Using the data below, set down every line from the one containing "The leather band" through the one containing "2008年9月25日,美国犹", inclusive and unchanged. Pictures are to be skipped.

START Information

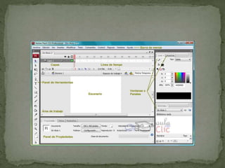 El documento describe la barra de menús de Adobe Flash, la cual proporciona acceso a herramientas para crear, abrir y guardar archivos, importar otros archivos, configurar la publicación, cortar, copiar y pegar objetos o fotogramas, moverse entre fotogramas y escenas, insertar nuevos elementos, modificar gráficos, administrar comandos, configurar la reproducción, depurar errores, gestionar ventanas y paneles, y acceder a ayuda y documentación.
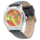 The leather band makes it seem like an “older kids” watch. Easy to read the time. Clear printing and image.
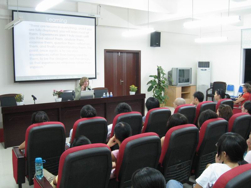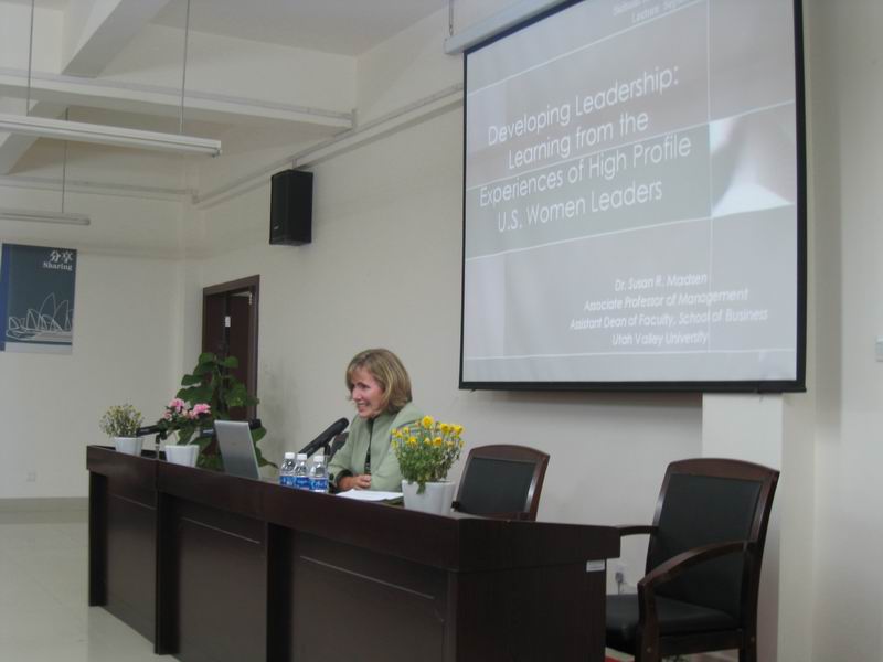 2008年9月25日,美国犹他山谷大学教授苏珊·麦德森博士访问我校。苏珊·麦德森博士在图书馆四楼学术报告厅为我校学生作了关于对美国女性领导研究的讲座。
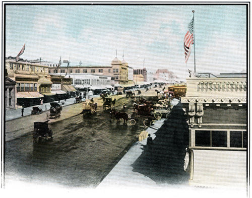 THE CITY OF SAN JOSE HAS MANY MILES OF SMOOTHLY PAVED STREETS AND ELECTRIC RAILWAYS—THIS IS ONE OF THE MAIN THOROUGHFARES WITH ST. JAMES’ PARK, A SHADY GARDEN SPOT, TO THE RIGHT
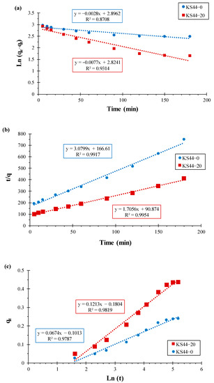 Kinetic parameters of the pseudo-first-order (a), pseudo-second-order (b) and the Elovich model (c) for RhB adsorption on KS44-0 and KS44-20.
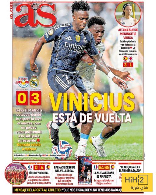 هاي كورة – عنونت صحيفة الآس الإسبانية عبر غلاف عددها الصادر اليوم السبت ” عودة فينيسيوس ” وذلك إثر تألق النجم البرازيلي أمام سالزبورغ في مونديال الأندية وقيادته الريال لحسم التأهل لثمن النهائي، في صدارة مجموعته.
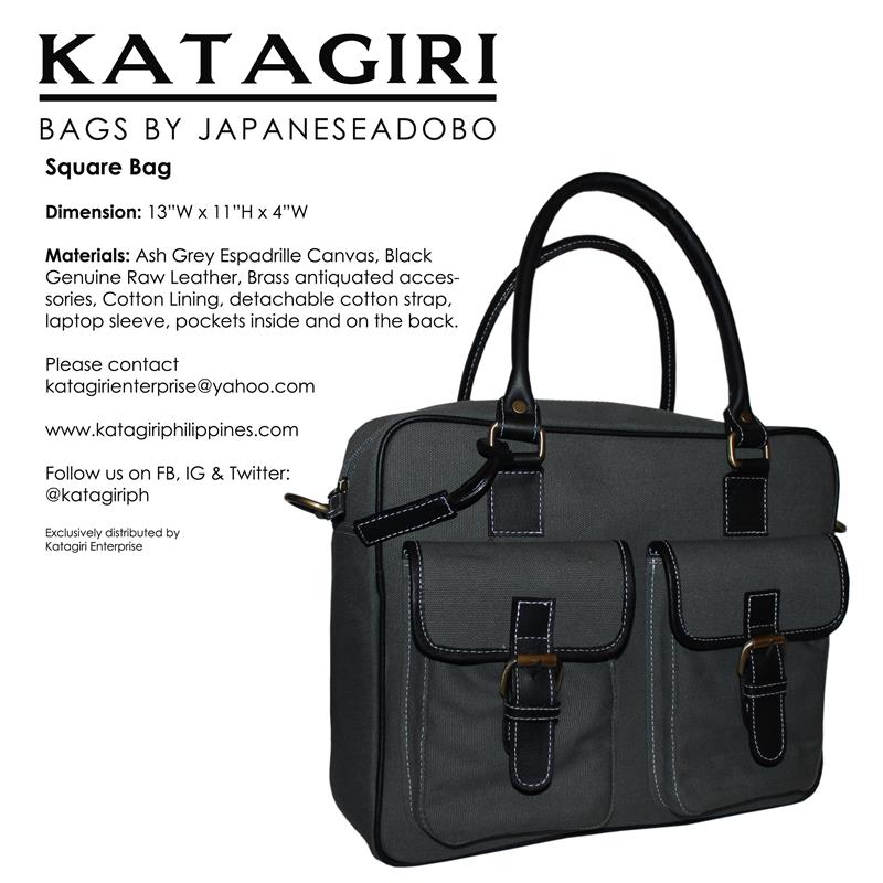 The JapaneseAdobo Square Bag gives a structure finish at its full function. A type of bag that keeps your stuff organized with its square finish. Perfect to fit a medium laptop with its sleeve inside, the bag comes with a detachable cotton strap, pockets and compartments inside, on the back and in front.

END Information

> _Solution to the problem_
 The leather band makes it seem like an “older kids” watch. Easy to read the time. Clear printing and image.
 2008年9月25日,美国犹他山谷大学教授苏珊·麦德森博士访问我校。苏珊·麦德森博士在图书馆四楼学术报告厅为我校学生作了关于对美国女性领导研究的讲座。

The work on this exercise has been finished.